Even when we have identified the safe people in our lives, we often hesitate to set boundaries because we don’t understand them and how they function. Many of us, in an attempt to establish boundaries, harden ourselves instead, creating walls of self protection. But the truth is, hiding and building walls does not make us safe. Walls always bring isolation. This can lead us to believe that boundaries are bad. But boundaries are not walls. Here is the break down on a few things about boundaries.

  • Boundaries do not isolate.
  • Boundaries communicate your needs, desires, and limits.
  • Boundaries define where you end and others begin so you know what is your responsibility and what is not.
  • Boundaries kill codependency.
  • Sharing your boundaries makes deep connection possible. You can’t have intimacy without it.
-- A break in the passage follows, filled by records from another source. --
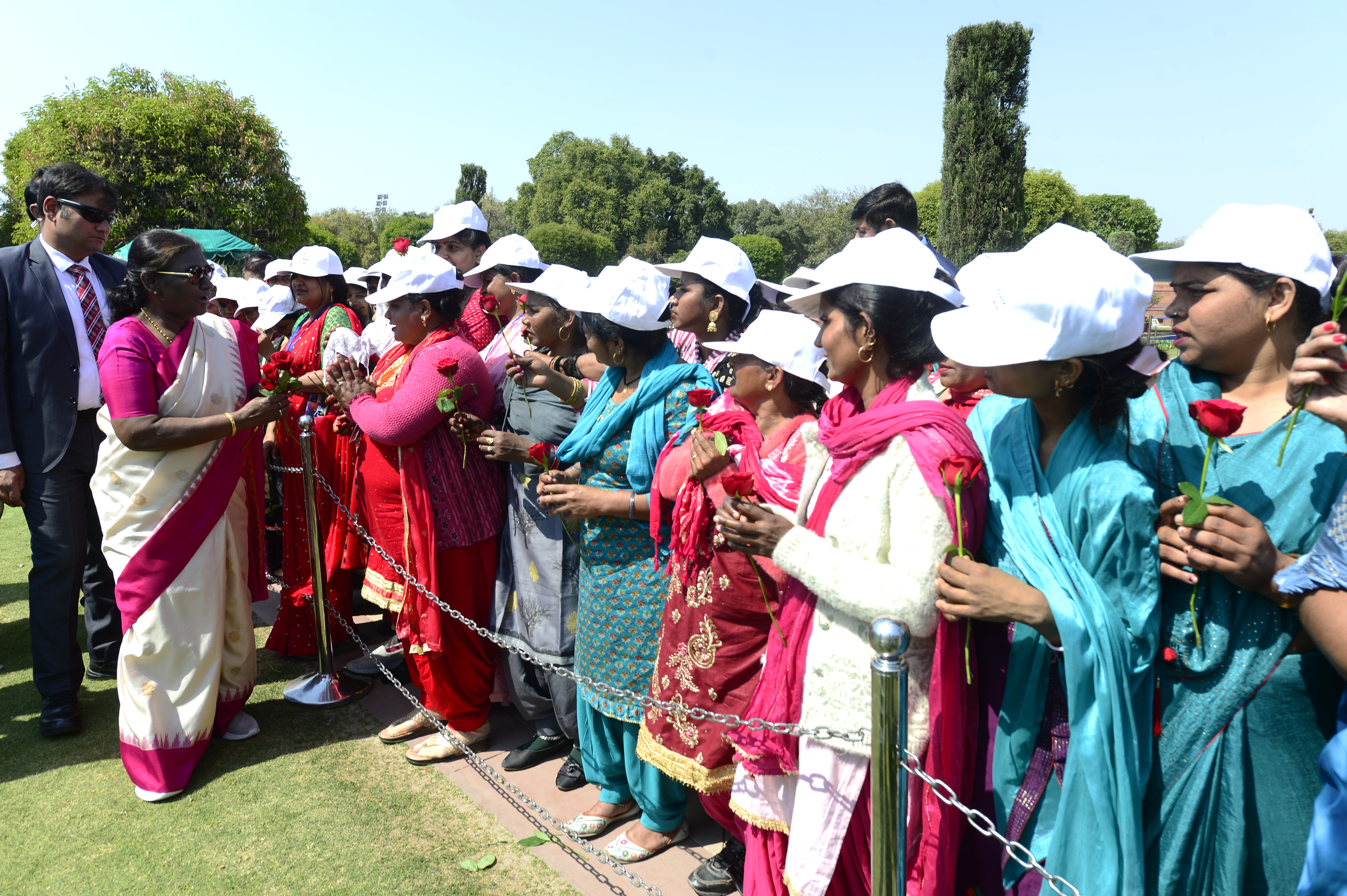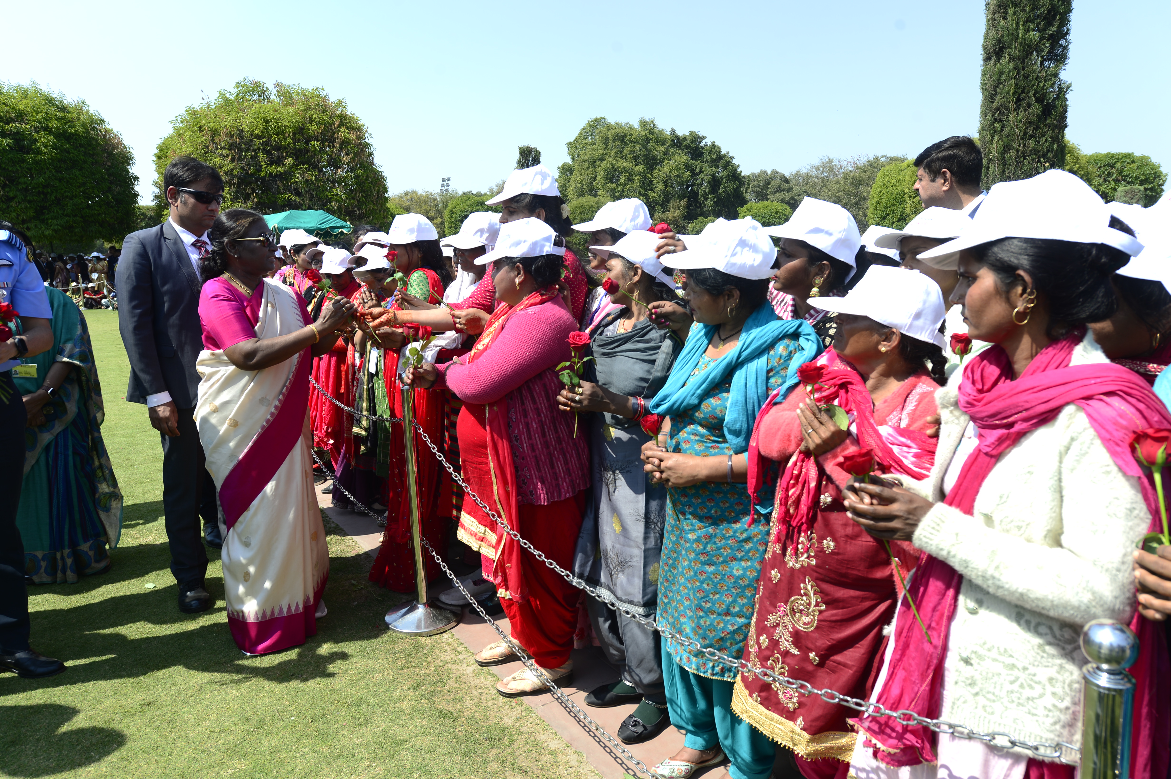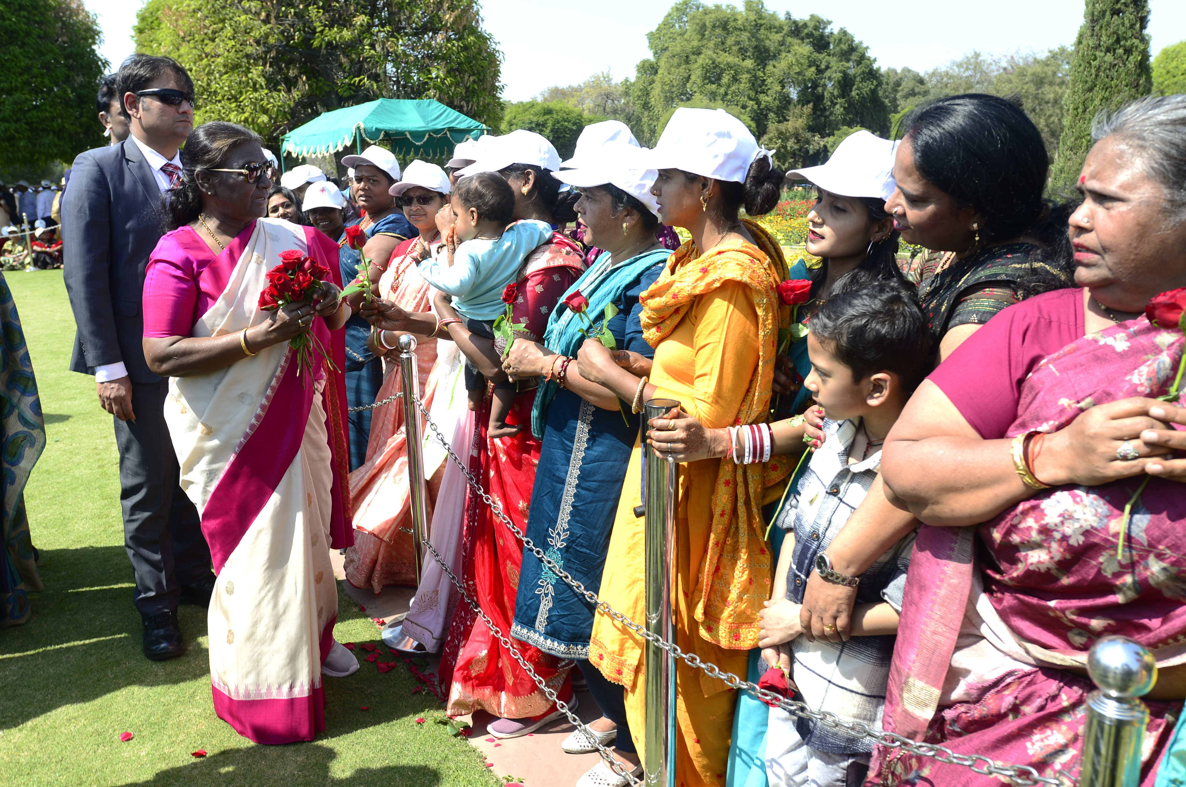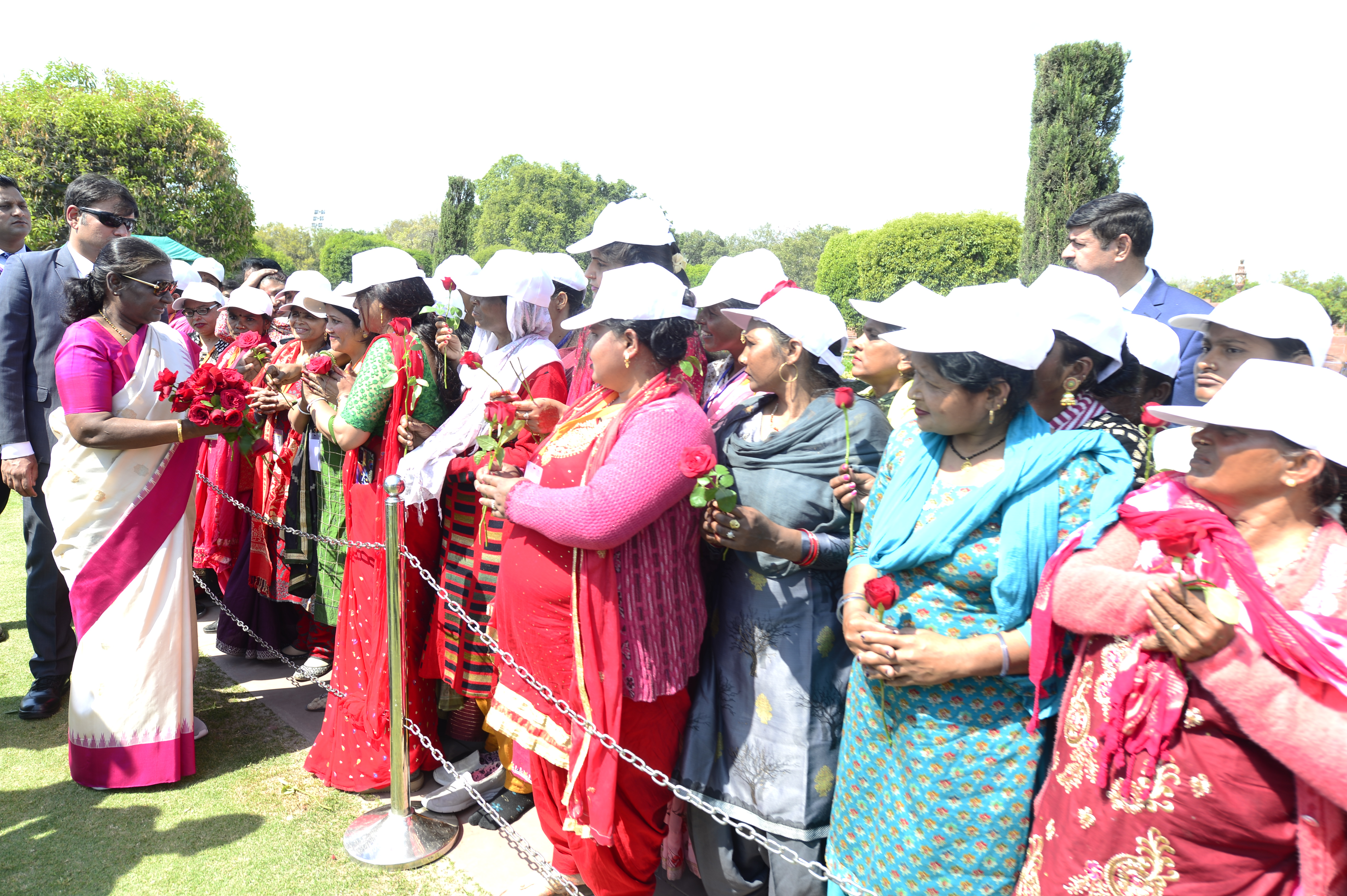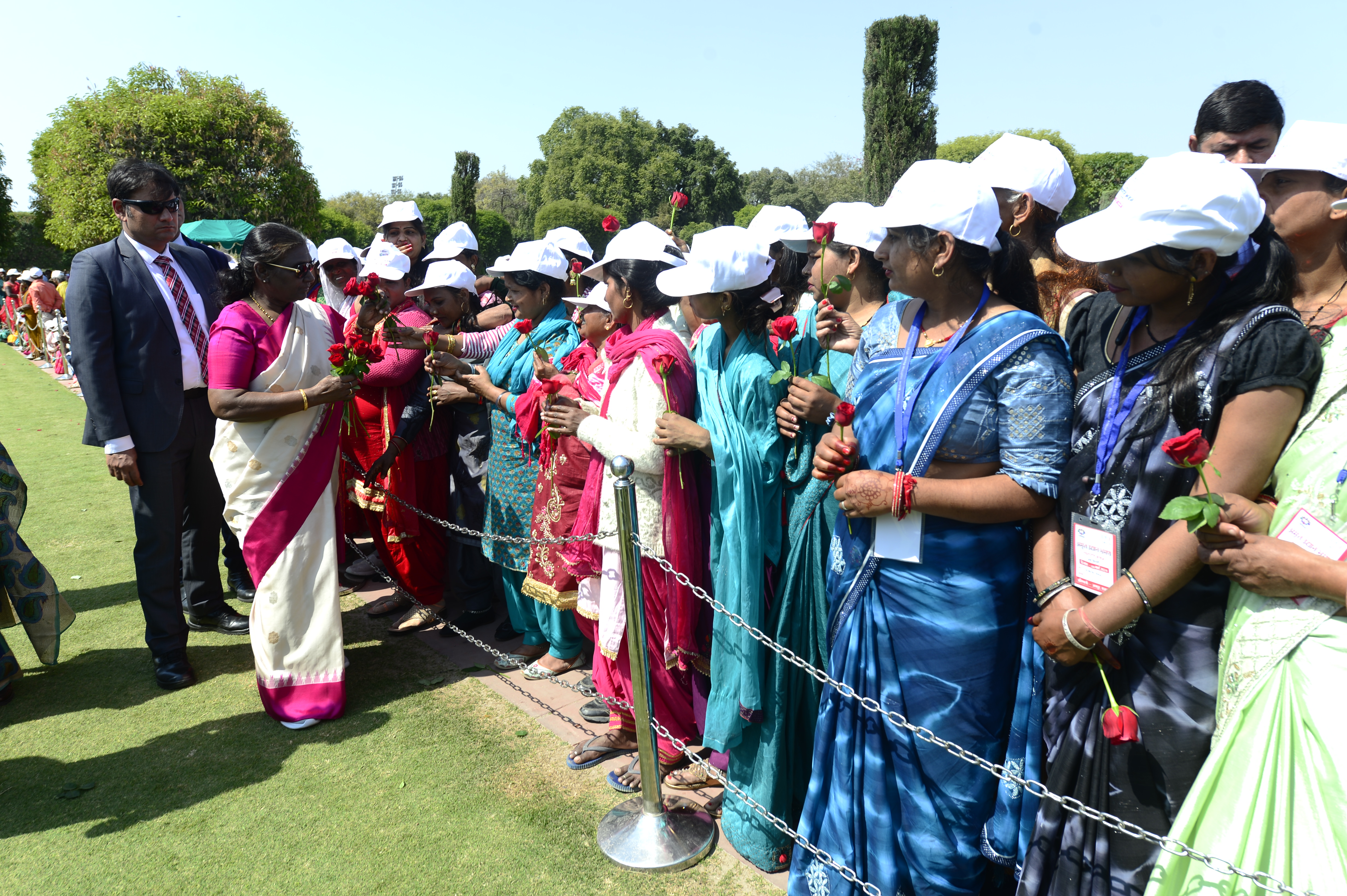 | Caption: | The President of India, Smt Droupadi Murmu met women visiting Amrit Udyan on the day reserved for the special category of Women Tribal Women SHGs-I 08-03-2024 |
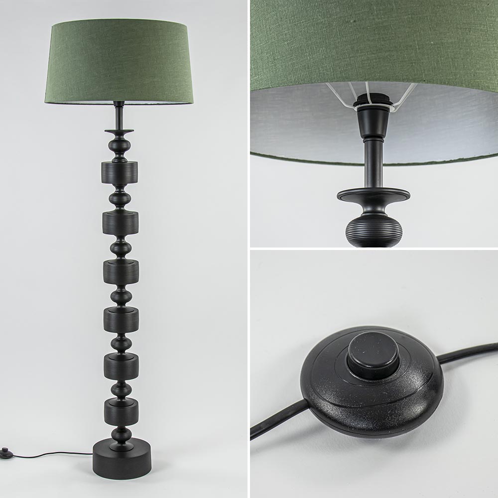 Deze lampvoet is een mooie toevoeging aan diverse woonstijlen. De vloerlamp is gemaakt van metaal en uitgevoerd in het mat zwart. De staande lamp heeft een speelse vorm en is over de gehele voet voorzien van een reliëf. Lampvoet Gody van Light and Living is voorzien van een E27 fitting en een zwart snoer van 195 cm. Het snoer is voorzien van een voetschakelaar op 40 cm van de voet. Vloerlamp Gody wordt geleverd zonder kap en zonder lichtbron.
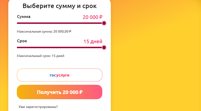 Сумма Срок Одобрение 2000 - 30 000 ₽ 7 - 30 дней 83% Ставка ПСК Возраст 0 - 0,8% в день 0 - 292,000% в год 18 - 75 лет Повторно Время Продление 2000 - 30 000 ₽ 2 минуты Да - 0%
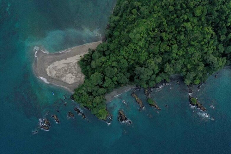 Пляж острова и лес с высоты
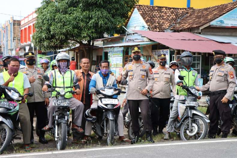 Kapolres OKU Timur AKBP Nuryono SH SIK MM bersama jajaran membagikan Bantuan Sosial (Bansos) berupa 100 paket beras kepada komunitas ojek.
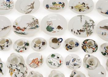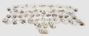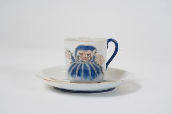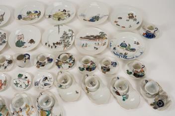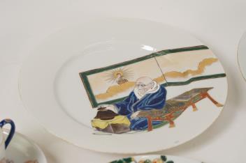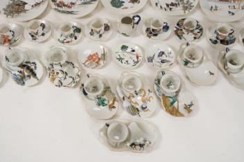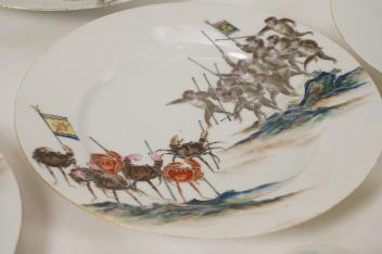 Shoko Takebe for Thomas B. Blow, a fine Japanese eggshell porcelain tea and coffee set, dated 1905, finely painted with different scenes from Japanese folklore including oni, foxes, fish in costume, white rabbits in costume, monkeys and crabs battling, cats trapping a dog, bird like human figures, landscapes etc., the saucers and plates with gilt marks for Shoko Takebe and Thomas B. Blow and dated 38th year Meiji period, Plates 21.5cm diameter, saucers 12cm diameter
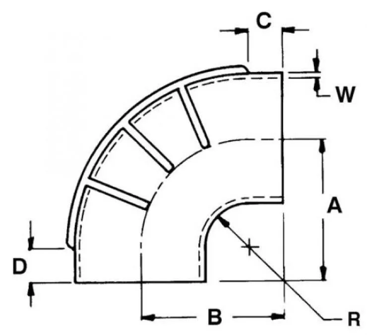 Rayon de courbure : 90 Degré °
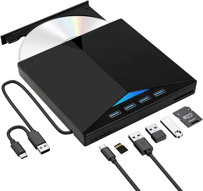 Привід CD DVD зовнішній USB Type-C USB-A хаб з кардрідером microSD SD для ноутбука ПК комп'ютера читання запис дисків портат
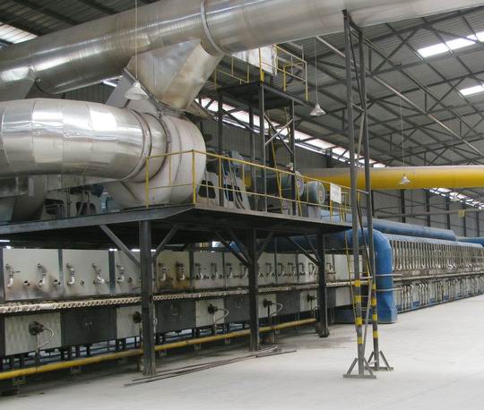 熔塊車間主設備——熔塊爐(熔塊爐是馬蹄窯,結構有一定特殊性,其高溫廢氣的脫硝需要具備較高的技術水平!我司對熔塊爐廢氣脫硫脫硝有豐富經驗):
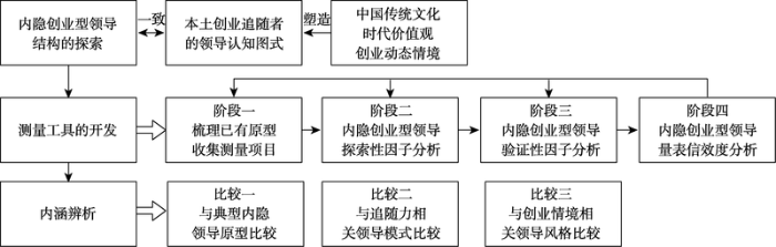 内隐创业型领导是一种新的领导方式, 揭示内隐创业型领导的结构并检验独特性是首先需要解决的问题, 也是整个研究的理论起点。本研究采用归纳法揭示内隐领导型领导的结构, 依照组织行为学惯用的量表开发程序, 构建内隐创业型领导的测量工具; 并通过与其他领导风格的比较, 深层次验证内隐创新型领导的独特性。该部分研究框架如图2所示。
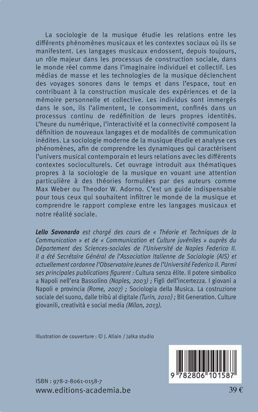 Les individus sont immergés dans le son, ils l'alimentent, le consomment, dans un processus continu de redéfinition de leurs propres identités. A l'ère du numérique, l'interactivité et la connectivité participent à la définition de nouveaux langages et de modalités inédites de communication. Cet ouvrage est un guide indispensable pour ceux qui cherchent à s'orienter dans le monde de la musique et à comprendre le rapport complexe qui se joue entre les langages musicaux et notre réalité sociale.
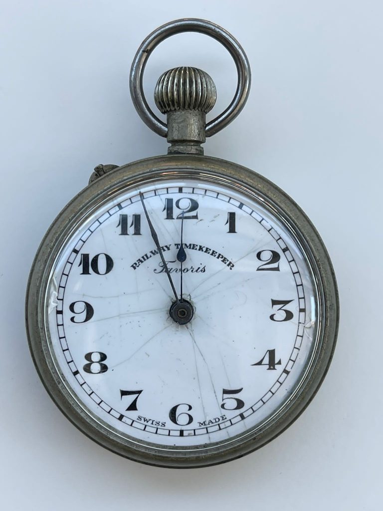 Reloj de bolsillo de la marca “Favoris Railway Time Keeper”, de estilo lepine, en plata de ley, con tapa posterior a rombos concéntricos apretados  y escudo central para grabar las iniciales del propietario, con una flor de lis grabada en su base.

We will struggle to create healthy boundaries in our lives unless the issue of shame is settled. Shame is not overcome by trying harder to be good or do right. Shame is overcome inside of us by the Love of God, and shame is overcome outside of us through empathy in community.

#4 Be brave. Take stock.

If you are experiencing isolation, chances are you have built walls instead of creating boundaries. (easy mistake – been there) If you’re having trouble establishing boundaries, don’t panic, it just means you need to back up a little and start at the beginning.

For today, I encourage you to be brave – take stock. Look at your life and if you don’t like what you see, tell the truth – be honest about how you feel and what you want and what you don’t want in your life anymore. Then say it out loud to a safe person in your life (a pastor, life coach, spouse, best friend or therapist) or journal it, just get it out. Shame says you’d better not speak up, you’d better hide, that you don’t get to say things out loud, it says you don’t get to desire good things because you’re not worth it. But don’t believe it.

One step at a time is how we get to where we want to be: in connected, loving relationships. We can choose to establish for ourselves what we need, what we desire, and what our limits are. We can leave shame behind us, finding ourselves at long last safe and at home in our lives, moving ever further into intimacy.

“I have come home at last! This is my real country! I belong here. This is the land I have been looking for all my life, though I never knew it till now…Come further up, come further in!”